# [TRY IT]
What's needed is an exact retyping of the lines from the start of the listing up to and including the line with "Durable HP 250", minus any pictures.
☆ ☆ ☆ ☆ ☆
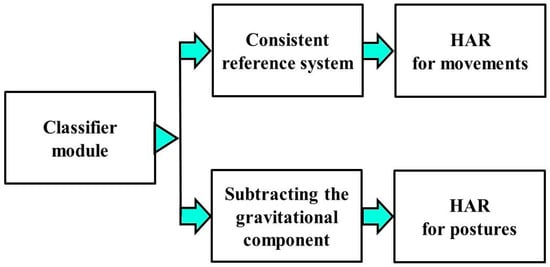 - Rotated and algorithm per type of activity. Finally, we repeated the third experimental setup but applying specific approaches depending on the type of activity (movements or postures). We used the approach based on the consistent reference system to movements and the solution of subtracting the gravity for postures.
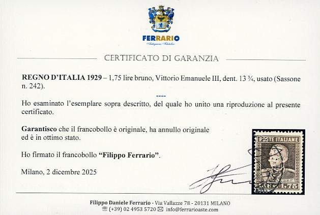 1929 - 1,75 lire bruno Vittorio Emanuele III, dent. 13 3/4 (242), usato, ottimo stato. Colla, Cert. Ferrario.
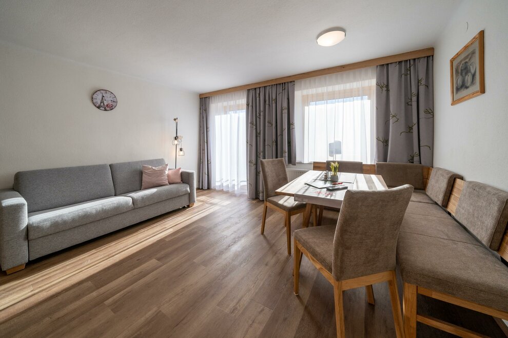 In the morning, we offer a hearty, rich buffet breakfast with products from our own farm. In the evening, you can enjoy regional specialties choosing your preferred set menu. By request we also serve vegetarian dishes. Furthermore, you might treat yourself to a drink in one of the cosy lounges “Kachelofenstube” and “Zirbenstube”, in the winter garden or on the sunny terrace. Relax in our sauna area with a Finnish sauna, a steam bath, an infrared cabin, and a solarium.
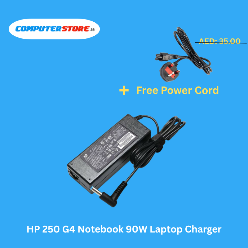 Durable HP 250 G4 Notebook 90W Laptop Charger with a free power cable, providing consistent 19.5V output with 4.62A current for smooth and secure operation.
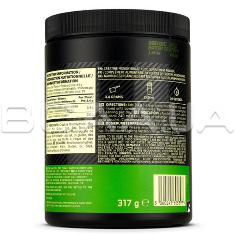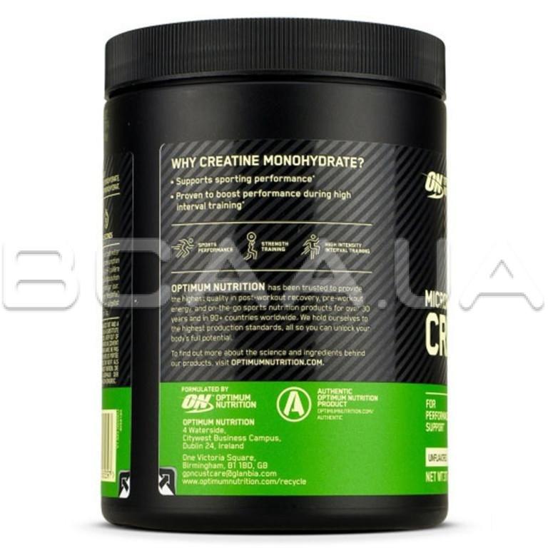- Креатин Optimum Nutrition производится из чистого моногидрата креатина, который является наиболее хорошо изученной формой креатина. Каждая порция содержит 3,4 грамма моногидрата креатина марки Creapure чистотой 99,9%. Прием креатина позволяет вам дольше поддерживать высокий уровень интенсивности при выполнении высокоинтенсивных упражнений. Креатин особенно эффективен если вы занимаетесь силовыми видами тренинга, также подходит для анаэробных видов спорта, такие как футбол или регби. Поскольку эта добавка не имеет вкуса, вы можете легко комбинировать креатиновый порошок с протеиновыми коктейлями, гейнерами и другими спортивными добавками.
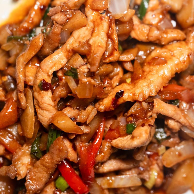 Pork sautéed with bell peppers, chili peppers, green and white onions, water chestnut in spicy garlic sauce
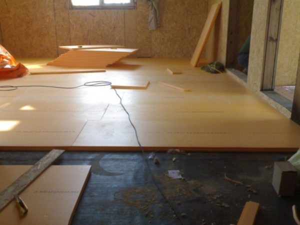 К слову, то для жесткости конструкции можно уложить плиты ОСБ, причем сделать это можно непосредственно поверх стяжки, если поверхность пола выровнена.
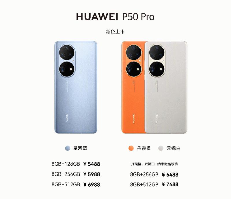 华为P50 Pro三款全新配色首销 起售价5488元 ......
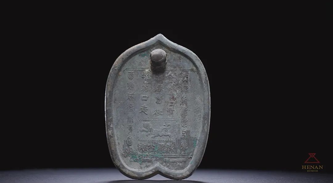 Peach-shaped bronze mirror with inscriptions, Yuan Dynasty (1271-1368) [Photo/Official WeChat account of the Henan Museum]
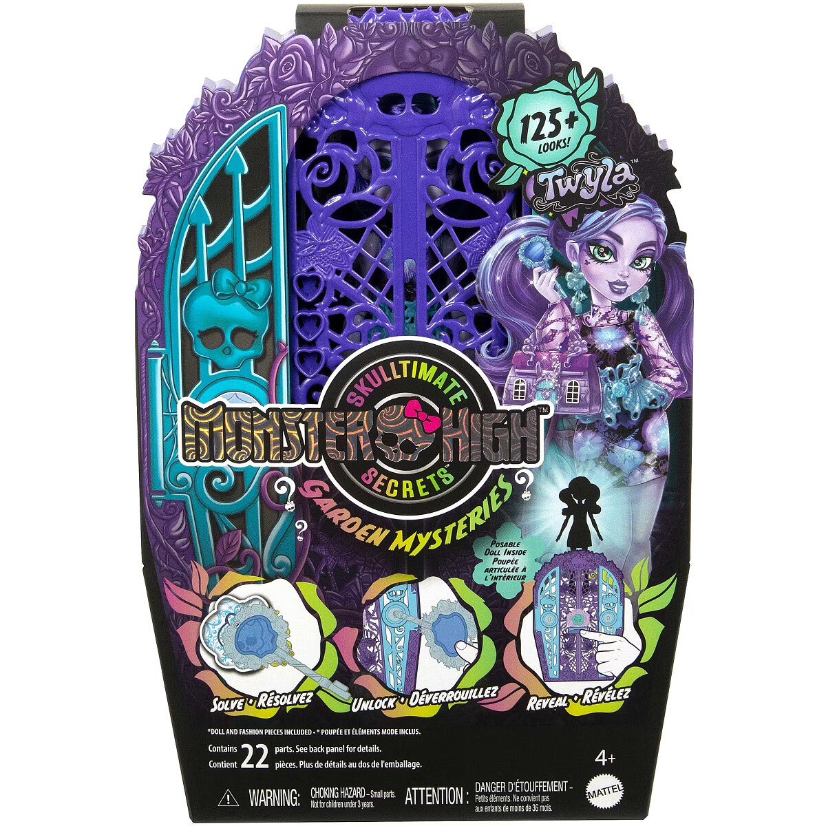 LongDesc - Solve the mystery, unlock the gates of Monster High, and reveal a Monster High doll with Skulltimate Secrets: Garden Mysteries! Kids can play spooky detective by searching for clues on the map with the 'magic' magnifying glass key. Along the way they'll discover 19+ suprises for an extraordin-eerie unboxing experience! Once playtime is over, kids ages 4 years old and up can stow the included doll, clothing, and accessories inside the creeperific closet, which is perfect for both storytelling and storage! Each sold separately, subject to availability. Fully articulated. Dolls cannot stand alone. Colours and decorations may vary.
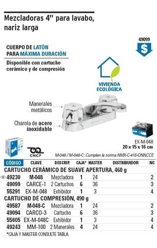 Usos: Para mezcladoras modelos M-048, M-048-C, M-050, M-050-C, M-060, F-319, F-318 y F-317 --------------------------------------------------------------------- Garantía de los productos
☆ ☆ ☆ ☆ ☆
# [SOLUTION TO THE EXERCISE]
 - Rotated and algorithm per type of activity. Finally, we repeated the third experimental setup but applying specific approaches depending on the type of activity (movements or postures). We used the approach based on the consistent reference system to movements and the solution of subtracting the gravity for postures.
 1929 - 1,75 lire bruno Vittorio Emanuele III, dent. 13 3/4 (242), usato, ottimo stato. Colla, Cert. Ferrario.
 In the morning, we offer a hearty, rich buffet breakfast with products from our own farm. In the evening, you can enjoy regional specialties choosing your preferred set menu. By request we also serve vegetarian dishes. Furthermore, you might treat yourself to a drink in one of the cosy lounges “Kachelofenstube” and “Zirbenstube”, in the winter garden or on the sunny terrace. Relax in our sauna area with a Finnish sauna, a steam bath, an infrared cabin, and a solarium.
 Durable HP 250 G4 Notebook 90W Laptop Charger with a free power cable, providing consistent 19.5V output with 4.62A current for smooth and secure operation.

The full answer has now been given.